Relevant code optimization: here.

Relevant halo2 code: permuted input poly, permuted table poly and lookup product poly.

3. Batch Normalize

Originally, when committing to multiple polynomials sequentially, the conversion from xyzz point type to affine point is done individually for each commitment, which leads to a large number of expensive inverse operations. We optimize this inefficiency with Batch Normalize.

To set up Batch Normalize, conversions from xyzz point type to affine point are delayed until all commitments are calculated. Once all calculations are finished, xyzz point types are converted to affine points at once with BatchNormalize().

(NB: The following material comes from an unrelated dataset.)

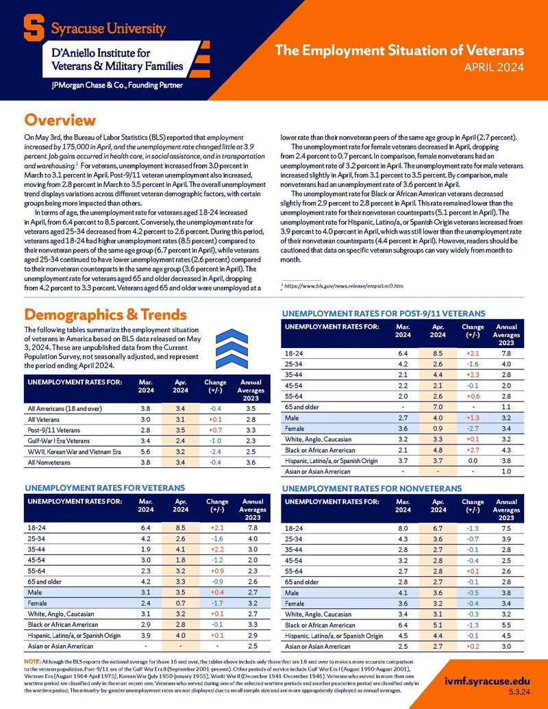 The Employment Situation of Veterans – April 2024 - D'Aniello Institute for Veterans and Military...

This reduces the number of required inverse operations to once per sequence.

Relevant commit: here

3.1. Batch Normalize for Permuted Polys

Relevant code optimization: here.

Relevant halo2 code: permuted input poly and permuted table poly.

3.2. Batch Normalize for Grand Product Polys

Relevant code optimization: here.

Relevant halo2 code: permutation product poly and lookup product poly.

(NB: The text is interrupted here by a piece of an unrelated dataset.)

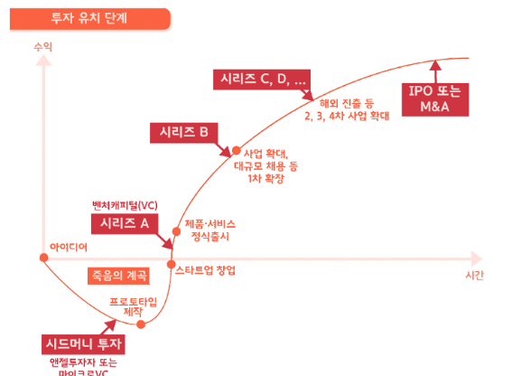 투자 유치까지 죽음의계곡을 지나 시리즈 A,B,C,D를 넘어 IPO또는 M&A가 되면 수익률이 극대화됨을 시장에서 인정받은 것이다.

3.3. Batch Inverse in Batch Normalize

Inverse operations are costly for elliptic curves. We can reduce the number of inverse operations on multiple points by using BatchInverse(), which only requires one inverse operation for all the points included.

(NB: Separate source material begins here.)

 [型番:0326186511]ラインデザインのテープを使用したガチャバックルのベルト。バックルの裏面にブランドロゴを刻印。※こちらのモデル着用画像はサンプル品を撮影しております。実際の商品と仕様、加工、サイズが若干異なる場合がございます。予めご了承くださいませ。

We fully utilize Batch Inverse to avoid multiple inverse operations. For example, the original batch_normalize() inefficiently computed an inverse operation for every point, so we optimized our BatchNormalize() to use the batch inverse operation to normalize all the points with a single inverse operation.

4. Optimizing parallelization code

We merge multiple parallelized parts into a single parallelized part for better performance by reducing the number of thread spawns and joins. Here are the list of examples:

Description Tachyon Halo2
Merge parallelization merging 1-t merging 1-h
Use collapse clause merging 2-t merging 2-h

5. Optimizing MSM

Several optimizations have been made to the Multi-Scalar Multiplication (MSM) operation. For scalar multiplication, we have implemented windowed non-adjacent form (WNAF), which is a more efficient way of representing the scalar. For group operations, we have changed the bucket type to the PointXYZZ type, which is more efficient than the Jacobian type. View the benchmark result regarding the change to PointXYZZ type here.

6. Saving heap allocation

Considering the memory used by polynomials is typically high, reducing the number of memory allocations and reusing the existing allocated memory is very important.

Description Tachyon Halo2
Reuse compressed evals buffer saving 1-t saving 1-h
Reuse z buffer saving 2-t saving 2-h
Compute l polys saving 3-t saving 3-h
Avoid intermediate memory allocation when transposing saving 4-t saving 4-h

7. Benchmarks for each circuit

We provide benchmarks of Tachyon and Halo2 for three main circuits by Privacy-scaling-explorations and Scroll.

The following are the results of the real_prover test for the Transfer 0 block in the integration tests of zkevm-circuits. The times, in seconds, were recorded on an AWS EC2 instance (name: r6i.8xlarge, vCPU: 32, RAM: 256GB).

Steps Tx:Tachyon Tx:Halo2 EVM:Tachyon EVM:Halo2 Super:Tachyon Super:Halo2
degree 20 20 18 18 20 20
before theta 189.44 177.91 33.54 27.02 400.52 405.87
theta 12.77 20.65 6.44 13.50 103.24 171.76
- compress 1.12 2.73 0.23 0.46 6.59 14.35
- permute 9.67 11.04 4.93 8.37 72.87 88.26
- commit 1.98 6.89 1.28 4.66 23.78 69.15
beta-gamma 15.75 32.18 7.79 14.62 91.04 174.76
y 130.50 261.97 161.96 218.37 2130.99 3426.80
- transform poly 4.27 6.57 1.86 2.79 23.83 34.37
- build h poly 126.23 255.40 160.10 215.58 2107.16 3392.43
x 1.49 1.58 2.18 2.47 15.50 14.42
shplonk 8.05 5.87 1.35 3.31 37.52 25.30
backend total 168.56 322.25 179.72 252.27 2378.29 3813.04
end-to-end total 358.58 500.16 213.26 279.29 2778.81 4218.91
  • Greek characters such as theta and beta are adopted from the halo2-book
  • before theta refers to the total time taken by the Halo2 including the circuit frontend.
  • backend total refers to the total time taken from theta to shplonk.
  • end-to-end total refers to the total time taken by the program (before theta + backend total).